I have been in many meetings and seminars over the past few years where I have been astounded at the response that CISOs, CIOs and IT Directors have given when a point has been raised that risk transfer might be of help.
The type of risk transfer generally being referred to is provided through insurance products covering such areas as business interruption, errors and omissions and cyber liability.
A typical reaction by an IT or InfoSec executive when asked whether cyber insurance should be considered is that they have sufficient security and availability systems in place, firewalls, intrusion detection systems etc. so why would they need insurance!
I am not sure why this position is taken and generally think that it can best be explained by both a lack of organisational maturity that IT and IT Security have within the halls of their organisations: I have found that many senior IT managers simply don't come into contact with those colleagues who manage their organisations insurance portfolio - usually the Chief Risk Officer, Finance Directors or Company Secretary.

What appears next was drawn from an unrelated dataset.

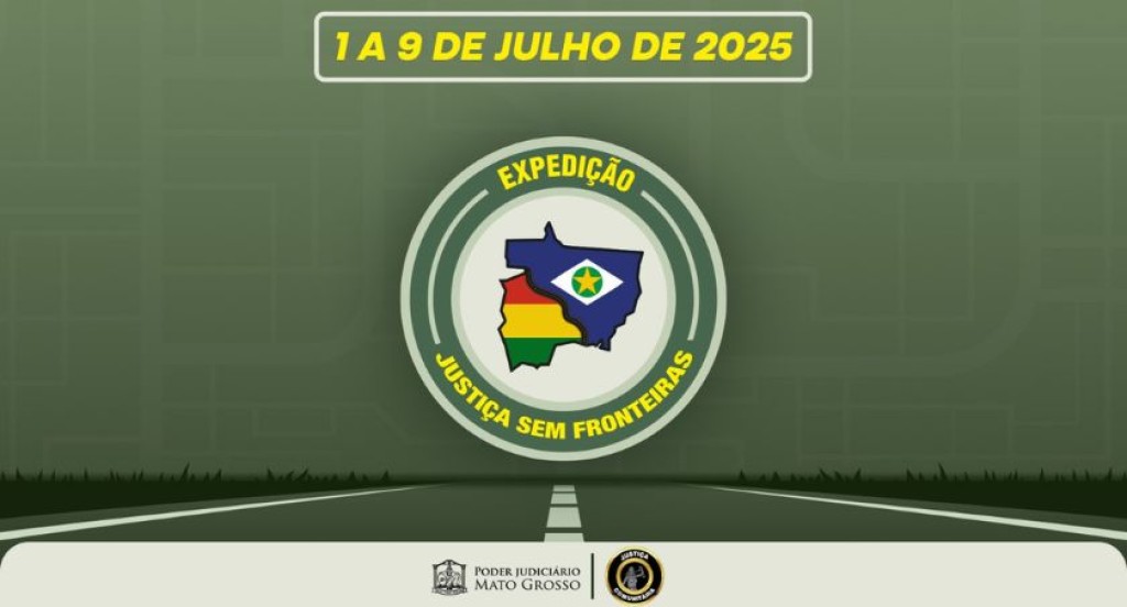 #PraTodosVerem: A imagem anuncia a “Expedição Justiça Sem Fronteiras”, que ocorrerá de 1º a 9 de julho de 2025. No centro, há um selo com os mapas do estado de Mato Grosso e da Bolívia sobrepostos, simbolizando a atuação transfronteiriça. O fundo remete a uma estrada, reforçando a ideia de deslocamento e acesso à justiça em regiões remotas. Na parte inferior, aparecem os logotipos do Poder Judiciário de Mato Grosso e da Justiça Comunitária.

In trying to draw analogies on this lack of appreciation for the value of insurance, one which seems to resonate is that of the Facilities Manager explaining to their Board that they simply didn't see the need for buildings and fire insurance. After all, they have installed smoke detectors and a sprinkler system. The Board should appreciate the fact that costly insurance premiums were avoided. Surely it won't take too long to re-build the burned out shell of their office HQ? Blimey, they should be thanking him!
The significant rise in cyber breaches coupled with the recently reported spiraling rise in cybercrime and associated costs is leading to a greater and more positive realisation that cyber insurance is a worthwhile additional safeguard - perhaps not only for the business generally but also to protect the IT budget which may well take a bit of a pounding in response costs should an incident occur.
So I welcome this more embracing approach to risk transfer. Coupled with an intelligent mix of other risk treatment approaches; mitigation, avoidance and, of course acceptance it heralds a new and more mature way to manage business risk effectively.